To execute the script, the following terminal command was used:
   python3 /Volumes/Extreme\ SSD/surfboard/usbConnection/usb_connection.py

The next step is successfully executed once the x-IMU3 is detected. Here the user is prompted whether to print data messages or not. After enabling this, the terminal now displays live sensor data. This data set includes quaternions, Euler angles, gyroscope, and accelerometer data. It is noticeable, that this method bypasses the GUI and provides a direct access to sensor streams. This step enables a more flexible integration and a more advanced data mapping setup.

The full Python architecture includes modular scripts like connection.py, usb_connection.py, and helpers.py. These are handling low-level serial communication and parsing. This additional access pathway expands the projects versatility and opens doors for a more experimental workflow (x-io Technologies, 2024).

  1.  OSC Data Interpretation in Pure Data

The received OSC data is interpreted using a custom Pure Data patch (imu3neuerversuch22.04..pd), which serves as a bridge between sensor data and visual representation of the data. This patch listens for incoming OSC messages via the [udpreceive] and [unpackOSC] objects, parsing them into sub-addresses like /imu3/euler, /imu3/acceleration, and /imu3/gyroscope.

Each of these OSC paths carries a list of float values, which are unpacked using [unpack f f f] objects. The resulting individual sensor dimensions (e.g., x, y, z) are then routed to various subpatches or modules. Inside these subpatches, the values are scaled and normalized to fit the intended modulation range. For example:

  • Euler angles are converted into degrees and used to modulate stereo panning or spatial delay.
  • Z-axis acceleration is used as a trigger threshold to initiate playback or synthesis grains.
  • Gyroscope rotation values modulate parameters like filter cutoff or reverb depth.

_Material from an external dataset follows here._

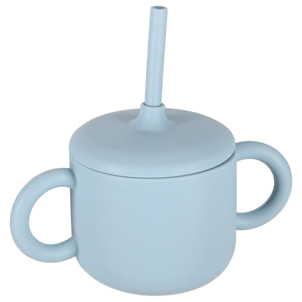 Bicchiere in silicone a due manici con coperchio e cannuccia integrata, facilita il passaggio dal biberon. La superficie morbida non scivola ed è delicata sulle manine.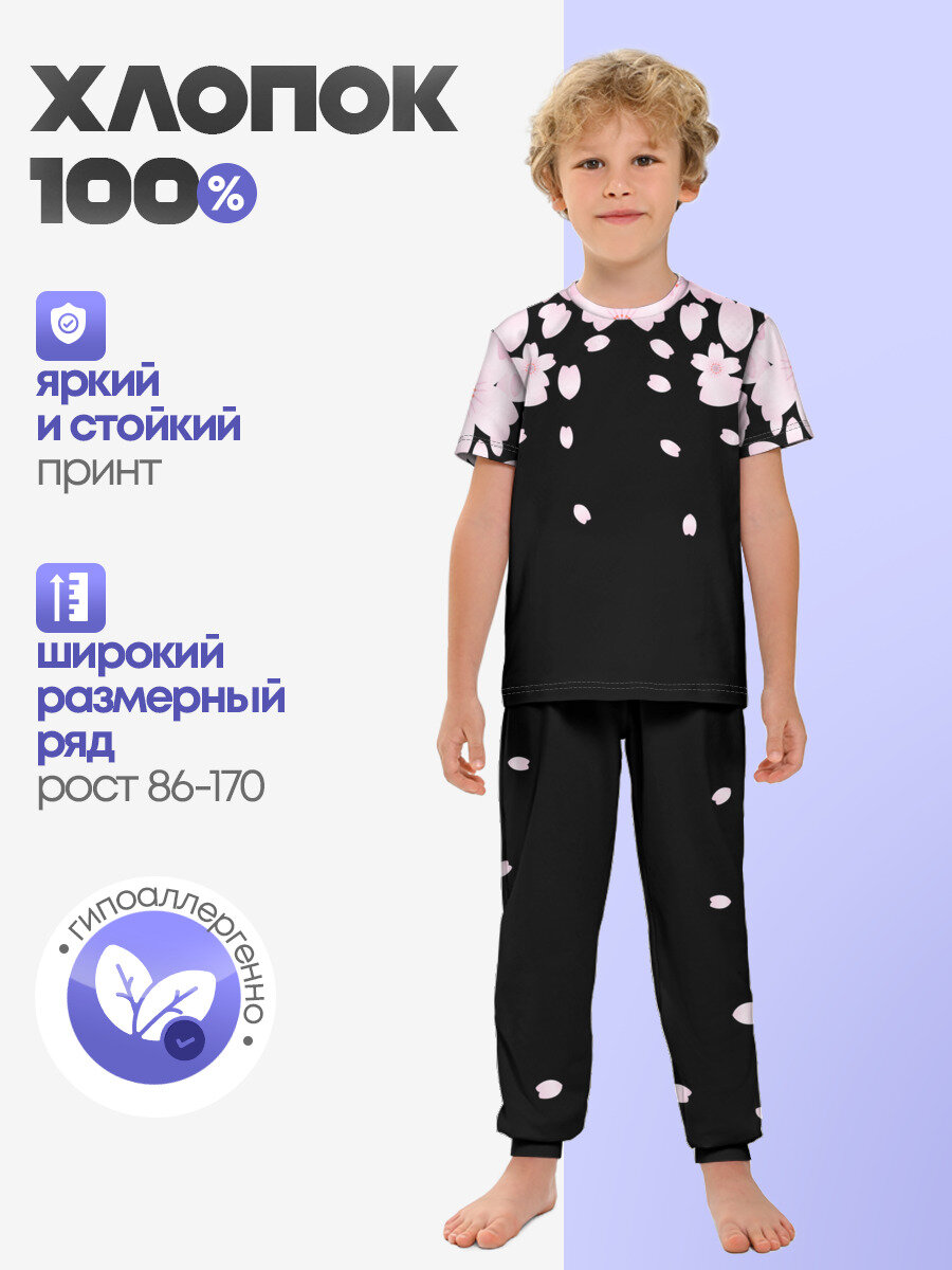 Пижама Lacotton.ru Цветы, размер 134, мультиколор

Additionally, [select] and [expr] objects are used to create logic conditions, such as identifying sudden peaks or transitions. This setup allows the system to treat physical gestures on the surfboard—like standing, carving, or jumping—as expressive control inputs for audio transformation.

The modular structure of the patch enables quick expansion. New OSC paths can be added, and new sound modules can be integrated without rewriting the core logic. By structuring the patch in this way, it remains both maintainable and flexible, supporting future extensions such as machine learning-based gesture classification or live improvisation scenarios.

This technical design reflects a broader trend in contemporary media art, where real-world data is used not just for visualization but as a means to dynamically sculpt immersive audio experiences (Puckette, 2007).